======== Data extract

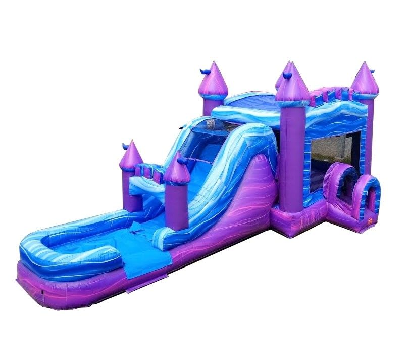 Take the fun and excitement of jumping and playing in a waterslide bounce house and MEGA SIZE it with the Purple Mega Castle wet/dry Combo! From their bright, vibrant colors, to the spacious bouncing area and incredibly fun big slide, kids can't help but look at these units in awe. This unit stretches out for 32' feet of fun, exciting activities that may even have a few parents secretly wanting to jump in! Crawl into the bouncing area through our upgraded, enclosed tunnel entrance. Have a blast jumping, bouncing and laughing the day away on this mega bouncer! Climb up the short rock climb wall to get a view of the flowing water down the slide. Get ready, then head down into the splash pool at the bottom for a grand finale and some photos for the scrapbook! The Purple Mega Castle Combo brings everything needed to the party to have a great time, and fill it with all the joy that kids (and adults!) want on a fun, exciting and memorable play day.
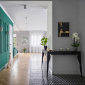 Mały salon ze szklaną ścianą, formowanie na ciemnej ścianie i eleganckie meble
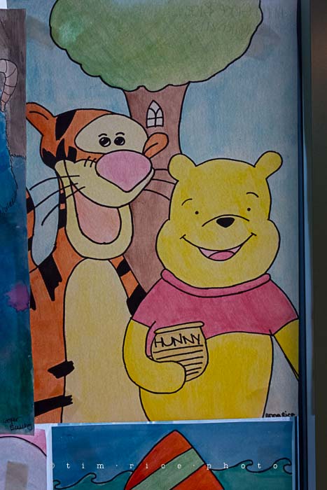 Headed out to my old High School to watch Danny sing and check out some artwork hanging from both kids. Roam the halls and stopped here for a moment. Those in the know, well, know what room this is, was. It is now mislabeled, has been for a while. Look closely and you can even see the shadow of a name on the door. There has been quite a bit of renovation done to the school, yet this door is still there. Check out some artwork by the kids below.

================

→ **Directions for this task**
The answer must be an exact copy of the lines from the one with "Mały salon ze" through the final line above, both ends included, and nothing else; pictures stay out.

→ **Completed exercise**
 Mały salon ze szklaną ścianą, formowanie na ciemnej ścianie i eleganckie meble
 Headed out to my old High School to watch Danny sing and check out some artwork hanging from both kids. Roam the halls and stopped here for a moment. Those in the know, well, know what room this is, was. It is now mislabeled, has been for a while. Look closely and you can even see the shadow of a name on the door. There has been quite a bit of renovation done to the school, yet this door is still there. Check out some artwork by the kids below.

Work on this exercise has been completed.